Delegation of the European Union to the
UN and other international organisations in Geneva

ILO - Consultations 9 October 2020 - EU Statement: Mid-term report on the implementation of the ILO Action Plan for Gender Equality 2018-21

Geneva, 09/10/2020 - 18:03, UNIQUE ID: 201009_9
Statements on behalf of the EU

I speak on behalf of the European Union and its Member States. We thank the Office for the document GB.340/INS/7. The EU supports the focus of the ILO on gender equality. The EU also pursues gender equality in its policies, as evidenced in the Council Conclusions on Gender-Equal Economies in the EU: The Way Forward of December last year.

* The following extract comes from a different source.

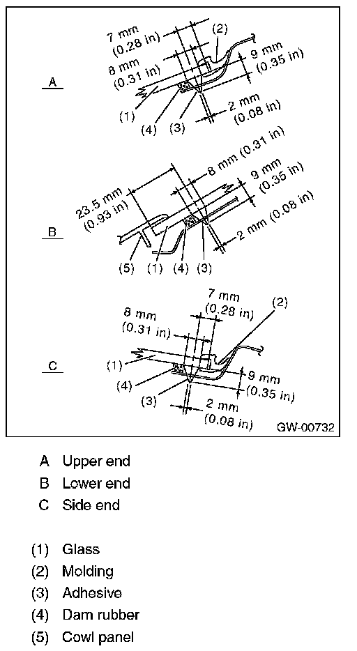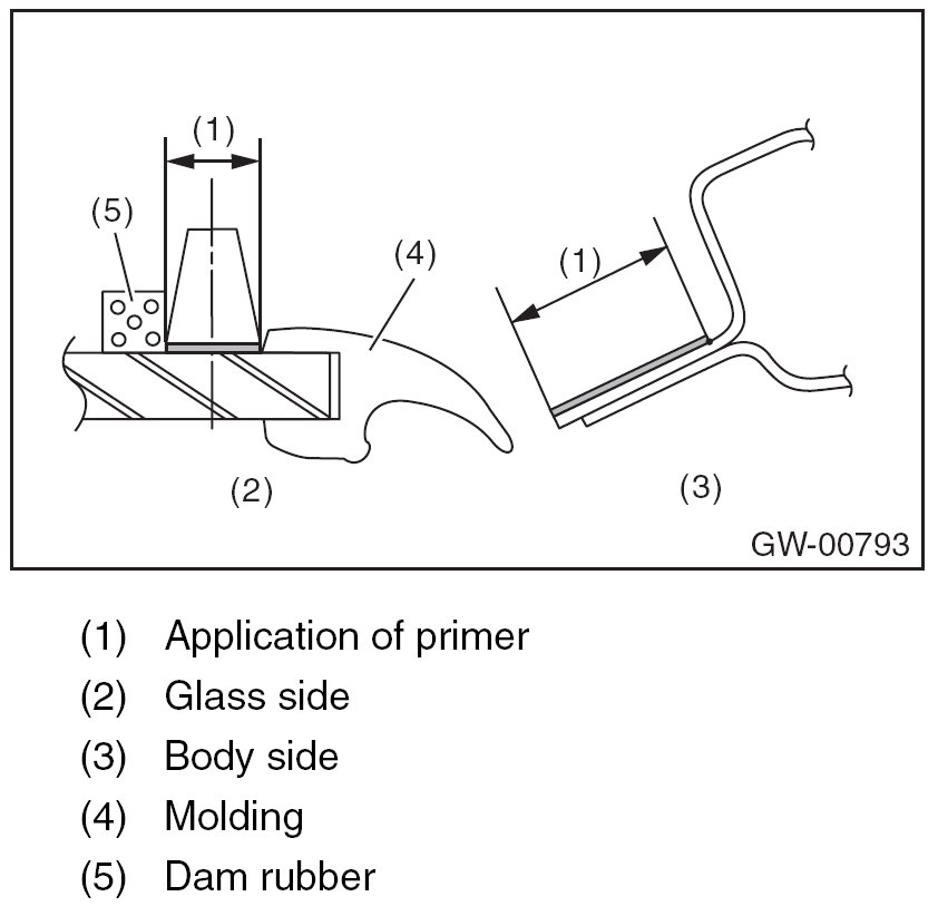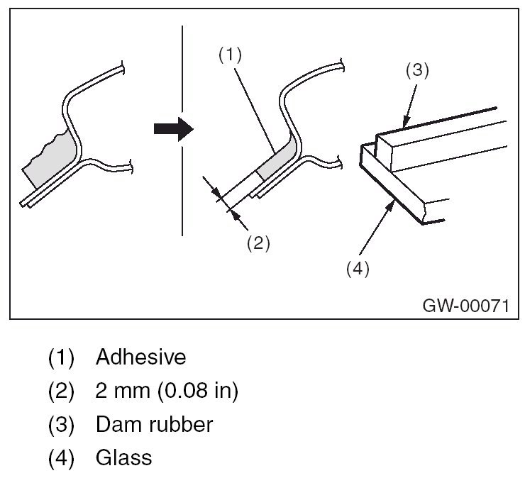 - For minimum drying time and vehicle standing time before driving after bonding, follow instructions or instruction manual from the adhesive manufacturer.

The EU and its MS actively promoted clear and ambitious language on Gender Equality in the Centenary Declaration, with regular evaluation of progress made and ensuring equal opportunities, equal participation and equal treatment, including equal remuneration for women and men for work of equal value. Promoting gender equality and inclusive labour markets is a precondition for ensuring decent work for all and achieving  the Sustainable Development Goals, including SDG 5 on gender equality and empowering all women and girls.

The EU also supports a number of ILO projects that promote gender equality, including realizing women migrant workers' rights and opportunities in the ASEAN region; economic empowerment of women at work through responsible business conduct; or the Win-Win: Gender Equality Means Good Business project.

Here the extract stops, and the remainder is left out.